Keywords: Diagnosis/Prediction, Machine Learning/Artificial Intelligence, 3D MRI
Motivation: Automated detection for disproportionately enlarged subarachnoid-space hydrocephalus (DESH) using 3D MRIs.
Goal(s): We developed robust deep learning models for accurate DESH detection by automatically segmenting regions.
Approach: Utilized 3D U-Net for segmentation and multimodal convolutional neural network for classification. Achieved high accuracy, with mean Dice scores ranging 0.60 – 0.84 and softmax probability scores exceeding 0.95. All of the area under the curves exceeded 0.97.
Results: Successfully developed the highly accurate deep learning models in automatically segmentation of ventricles and regional subarachnoid spaces and in the detecting DESH, ventricular dilatation, tightened sulci in the high convexities, and Sylvian fissure dilatation.
Impact: Combining a 3D U-Net model and a multi-modal convolutional neural network model, disproportionately enlarged subarachnoid-space hydrocephalus (DESH) for idiopathic normal pressure hydrocephalus (iNPH) was automatically detected with automatically segmented regions from 3D T1- and T2-weighted MRIs.
We would like to thank the radiology staff of the Shiga University of Medical Science, particularly Shinnosuke Hiratsuka, Masahiro Yoshimura, Asuka Nishihara, Kohei Ohashi, and Mika Adachi. We are grateful to the FUJIFILM Corporation for using the latest version of the SYNAPSE 3D workstation.

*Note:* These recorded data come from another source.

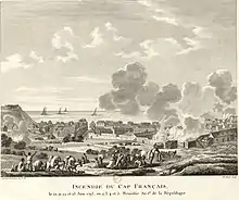 Los colonos blancos incitaron a los marineros de la flota en el puerto de Cap-Français contra los comisionados.[18] El 20 de junio de 1793, Galbaud proclamó que volvía a ocupar su cargo y pidió ayuda para expulsar a los comisionados civiles. Aterrizó a las 3:30 p. m. a la cabeza de 3.000 hombres, que al principio no encontraron resistencia.[19] El coronel Antoine Chanlatte tomó el mando de las tropas blancas y de color que acudieron en ayuda de los comisarios. Fue ayudado por Jean-Baptiste Belley, un negro libre que luego se convirtió en miembro de la convención nacional. Se produjeron luchas callejeras en las que los partidarios de los comisionados, aunque superados en número, ganaron la partida y capturaron al hermano de Galbaud y a varios oficiales navales.[19] Se produjeron incendios en el pueblo.[20] Galbaud se retiró con su fuerza a los barcos, pero desembarcó de nuevo al amanecer del 21 de junio de 1793 y capturó el arsenal de sus defensores de color.[21]
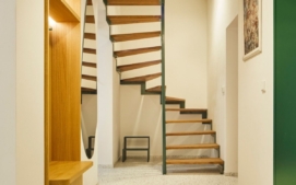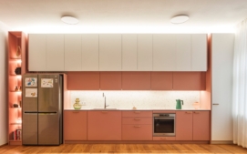 Více na CzechCrunch JobsArchitektka pak pro byt s vysokými stropy zvolila syté barvy, které přechází z pokoje do pokoje. Zároveň dodávají domovu na útulnosti. Středem prostoru dvoupatrového bytu prochází zelené schodiště s dřevěnými nášlapy, v obývacím pokoji jsou růžové závěsy, které volně navazují na bílo-růžovou kuchyňskou linku. Směrem k ložnici se pak prostor uklidňuje a převažují tlumené tóny, které ale doplňují výrazné designové detaily. Chodba prostor rozsvěcuje díky výrazně žluté malbě.
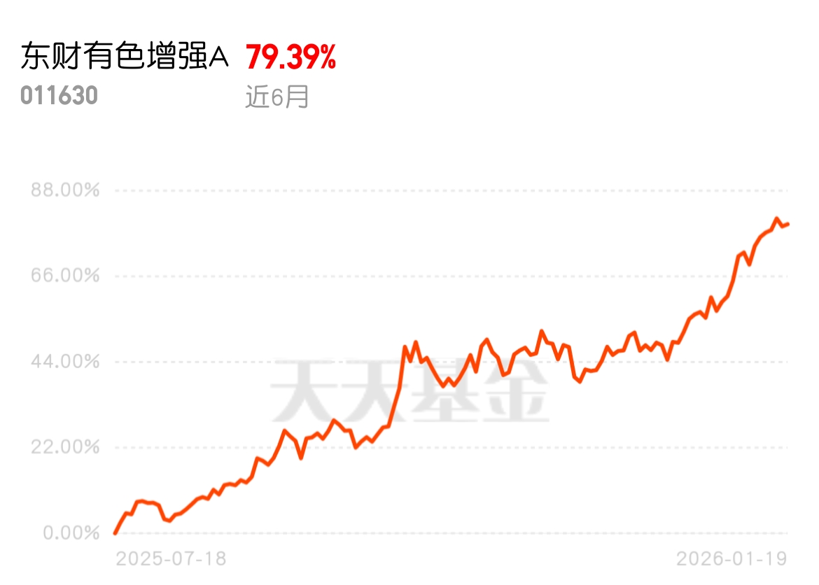 带011630走势图 1 月 20 日部分有色标的跌得厉害,含铜的更是惨不忍睹,这只缺是跌的,反观东财有色昨天涨幅第一!东财有色增强 A 近 6 月 79.39%,紫金 + 螺母含量 27%,有增强就是不一样,涨多跌少,长期持有超安心。$东财有色增强A$

This research was supported by research grants from the Japan Society for the Promotion of Science, KAKENHI (Grant number: 21K09098, 22H03020, and 22H00190); from the FUJIFILM Corporation; from the G-7 Scholarship Foundation; from the Taiju Life Social Welfare Foundation; from the Osaka Gas Group Welfare Foundation; and from the Ministry of Education, Culture, Sports, Science and Technology as “Program for Promoting Researches on the Supercomputer Fugaku” (Development of human digital twins for cerebral circulation using Fugaku, JPMXP1020230118). The funders had no influence or involvement in the writing of this article. The funders had no effect or involvement in the writing of this article. The funders had no role in the study design, data collection and analysis, decision to publish, or preparation of the manuscript.
1. Nakajima M, Yamada S, Miyajima M, et al. Guidelines for management of idiopathic normal pressure hydrocephalus (Third edition): Endorsed by the Japanese society of normal pressure hydrocephalus. Neurol Med Chir (Tokyo) 2021
2. Hashimoto M, Ishikawa M, Mori E, et al. Diagnosis of idiopathic normal pressure hydrocephalus is supported by MRI-based scheme: a prospective cohort study. Cerebrospinal Fluid Research 2010;7
3. Yamada S, Ito H, Matsumasa H, et al. Tightened Sulci in the High Convexities as a Noteworthy Feature of Idiopathic Normal Pressure Hydrocephalus. World Neurosurg 2023;176:e427-e37
Segmentation of three volumes of interest from 3D T1-weighted and T2-weighted MRI in iNPH
The green indicates the total ventricle, the yellow indicates the high-convexity part of the subarachnoid space, and the purple indicates the Sylvian fissure and basal cistern. The upper left is from anterior to 3D T1-weighted MRI, the upper right is from anterior to T2-weighted MRI, the lower left is from posterior to T1-weighted MRI, and the lower right is from posterior to T2-weighted MRI.
Two combined deep learning models; A. 3D U-Net model with four layers for volumetric semantic segmentation task and B: Multi-modal convolutional neural network for image classification task
Each blue box corresponds to a multi-channel feature map. The number of channels is denoted on front of the box. White boxes indicate copied feature maps. The image intensities of input images were normalized to [0, 1] by their maximum and minimize values.
External validation by comparing manually and automatically segmented regions from 3D T1-weighted and T2-weighted images
Green indicates the total ventricles, purple indicates Sylvian fissure and basal cistern, yellow indicates high-convexity part of the subarachnoid space, and marine blue indicates other subarachnoid spaces.
Flow of deep learning models
In the first step, the volumetric semantic segmentation task employed a 3D U-Net with four layers, consisting of 3D convolution with a batch normalization layer, ReLU activation layer, max pooling layer, and 3D up-convolution layer. In the second step, the image classification task employed a multimodal convolutional neural network. As supplemental indices for DESH diagnosis, the DESH index, Venthi index, and Sylhi index were created.